Quel giorno aveva fatto particolarmente freddo, ma come al solito Luffy non aveva dato ascolto ai suoi compagni, che più e più volte gli avevano rammentato di coprirsi, ma l'unica cosa che fece fu coprirsi le orecchie, facendo finta di non sentire.
Erano ore ormai che gironzolava per il ponte della nave, senza nemmeno dare l'impressione di patire quel freddo che faceva rabbrividire i suoi compagni, nonostante essi fossero avvolti da pesanti cappotti.
Ora se ne stava tranquillo e beato seduto sulla prua della Sunny.
Guardava l'oceano, perdendosi in quelle onde che per tanti anni aveva sognato di solcare. Ora che il suo sogno di diventare pirata era diventato realtà non avrebbe lasciato che nessuno glielo portasse via.
-Franky, vira a 37° a ovest!-gridò  Nami.
Il capitano era sovrappensiero e l'urlo improvviso della navigatrice l'aveva spaventato a tal punto che per poco non finiva in mare.
-Certo!-gridò il carpentiere di rimando.
Solo a quel punto,quando la sua concentrazione era stata spezzata, Luffy si accorse di quanto facesse freddo,ed iniziò a tremare impercettibilmente.
Poi sentì dei passi avvicinarsi.
-Hey, Luffy-disse Nami-hai intenzione di raggiungere la tua ciurma per la cena o no?-chiese sorridendo.
Luffy si girò appena a guardarla.
Poi con un'agilità inaudita saltò dall'altra parte della nave.
'Scusa, ma ora non ho fame' disse semplicemente.
Era insolito per lui, le parole che uscirono dalla sua bocca gli parvero estranee, ma non ci fece caso.
In quel momento non si sentiva in grado di mangiare nemmeno una nocciolina.
Poi, all'improvviso, si ritrovò schiacciato addosso parapetto, con il corpo di Nami pressato contro il suo.
-Nami!che stai...?-
Non fece in tempo a finire la frase che sentì una mano guantata tappargli la bocca. Un'altra mano si avvicinò alla bocca di Nami, poi quest'ultima prese un lembo del guanto fra i denti e lo sfilò.
Dopodiché, poggiò delicatamente la sua mano sulla fronte di Luffy.
'Lo sapevo' disse ritirando la mano e infiladosi il guanto.
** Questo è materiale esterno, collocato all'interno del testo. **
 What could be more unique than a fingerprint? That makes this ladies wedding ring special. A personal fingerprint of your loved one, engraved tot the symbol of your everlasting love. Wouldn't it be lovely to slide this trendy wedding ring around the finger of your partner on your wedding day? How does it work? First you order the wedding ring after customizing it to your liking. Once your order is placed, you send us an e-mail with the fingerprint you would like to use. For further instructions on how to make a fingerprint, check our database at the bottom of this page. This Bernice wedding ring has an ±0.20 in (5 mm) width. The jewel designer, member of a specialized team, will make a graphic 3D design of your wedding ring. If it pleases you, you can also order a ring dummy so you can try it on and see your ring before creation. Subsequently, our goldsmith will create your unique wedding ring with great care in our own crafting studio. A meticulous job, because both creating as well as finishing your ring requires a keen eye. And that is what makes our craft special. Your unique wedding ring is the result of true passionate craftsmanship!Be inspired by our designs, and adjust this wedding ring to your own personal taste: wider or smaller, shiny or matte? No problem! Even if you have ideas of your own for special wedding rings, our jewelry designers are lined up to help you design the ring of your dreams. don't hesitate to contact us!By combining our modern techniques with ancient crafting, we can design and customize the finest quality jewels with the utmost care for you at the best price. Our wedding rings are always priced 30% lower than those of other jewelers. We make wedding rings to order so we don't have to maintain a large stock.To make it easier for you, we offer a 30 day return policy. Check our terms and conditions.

'Cosa?' chiese Luffy, sollevato dal fatto che Nami si fosse staccata da lui, anche se, francamente, adesso sentiva il freddo penetrargli nelle ossa. Stare appiccicato a Nami, per quanto imbarazzante, gli aveva trasmesso quel minimo di calore che ora gli mancava.
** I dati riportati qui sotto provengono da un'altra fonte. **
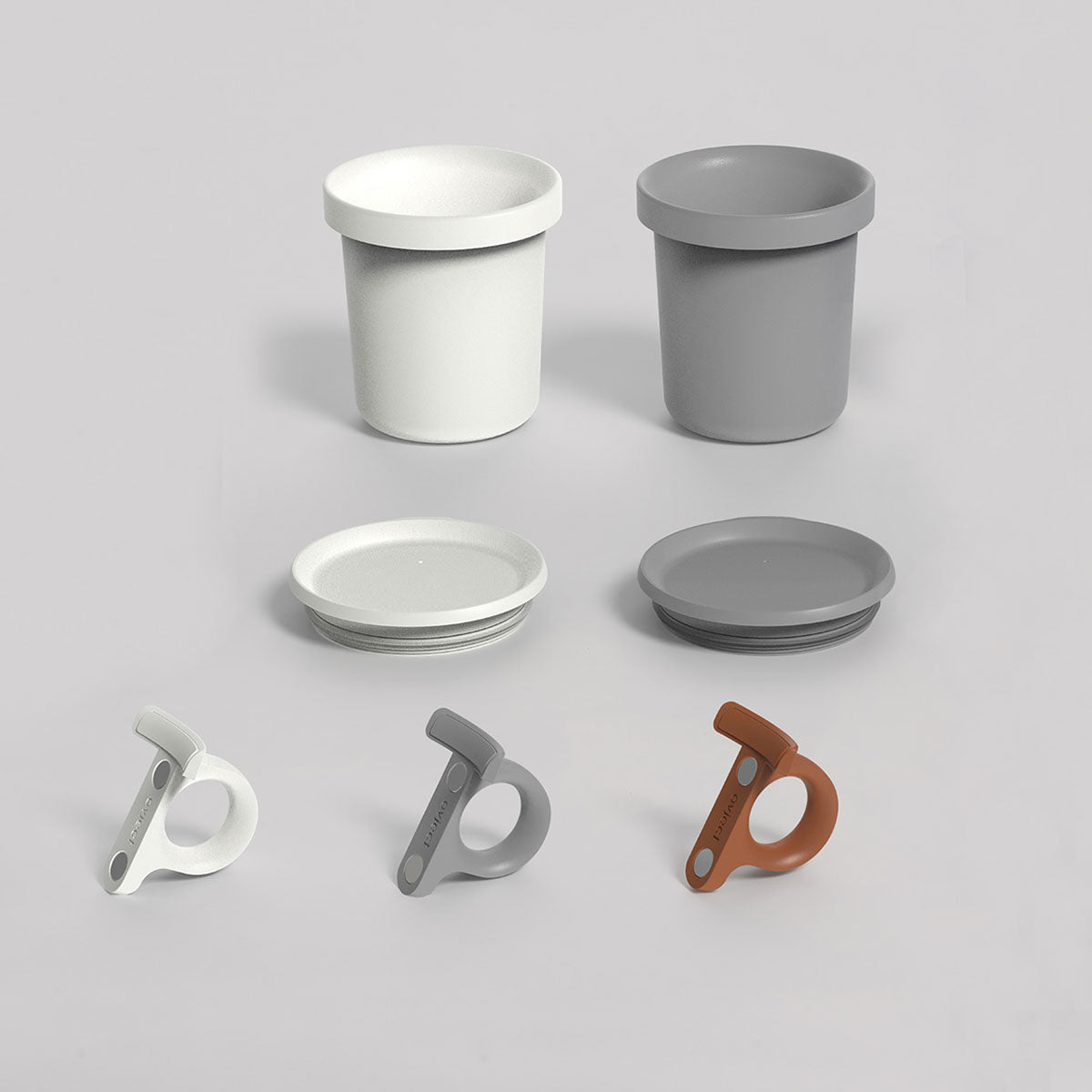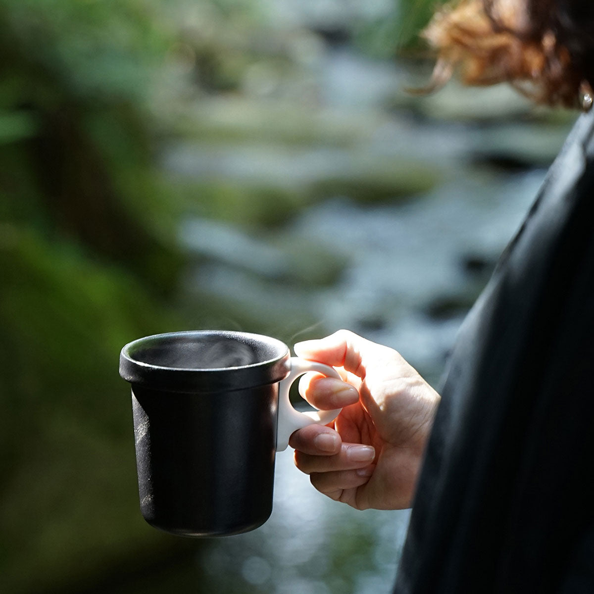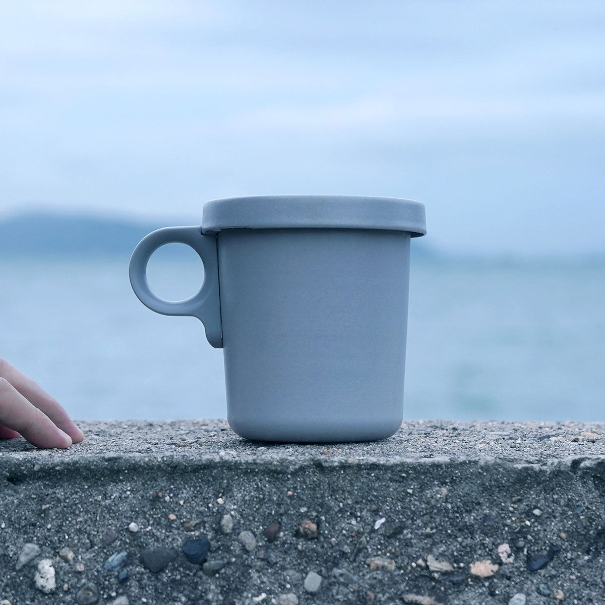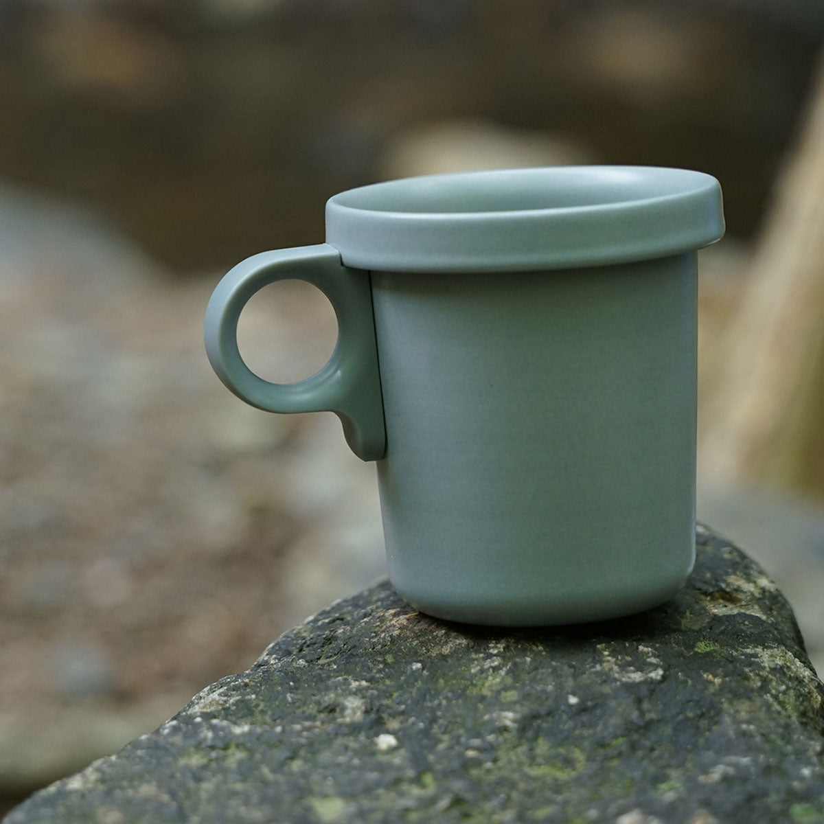 The ovject enamel mug features a detachable handle, allowing for easy stacking, portability, and customization. This mug is designed for both indoor and outdoor use.

'Hai la febbre altissima' disse lei
'ora rientri, e stai a riposo. Se rimani qua fuori rischi di peggiorare la situazione. Avanti!' lo esortò, spingendolo non troppo delicatamente verso le stanze dei ragazzi.
'Ferma...Nami...Hey...Basta!:gridò lui.
Si girò all'improvviso e le prese le mani.
Tremava vistosamente, ma non dava segni di cedimento, non aveva intenzione di andare sottocoperta.
' Mi spieghi qual'è il tuo problema?' chiese infine Nami, con una nota di esasperazione nella voce.
Lui la guardò sorridendo.
' Tu pensi che durante i due anni di allenamento con Raleigh su quell'isola avessi a disposizione dei cappotti? Sto bene' disse, per poi tornare al suo solito posto. Lì si sentiva davvero vivo. Con l'aria che gli accarezzava il viso e l'odore dell'oceano che gli invadeva le narici.
Non importava il freddo, lui sapeva solo che qualsiasi conseguenza ci fosse stata, lui avrebbe fatto di tutto per soddisfare il suo desiderio di libertà.
Passarono circa cinque minuti, prima che sentisse i passi di Nami farsi sempre più lontani, fino a sparire in mezzo alle voci gioiose dei suoi compagni.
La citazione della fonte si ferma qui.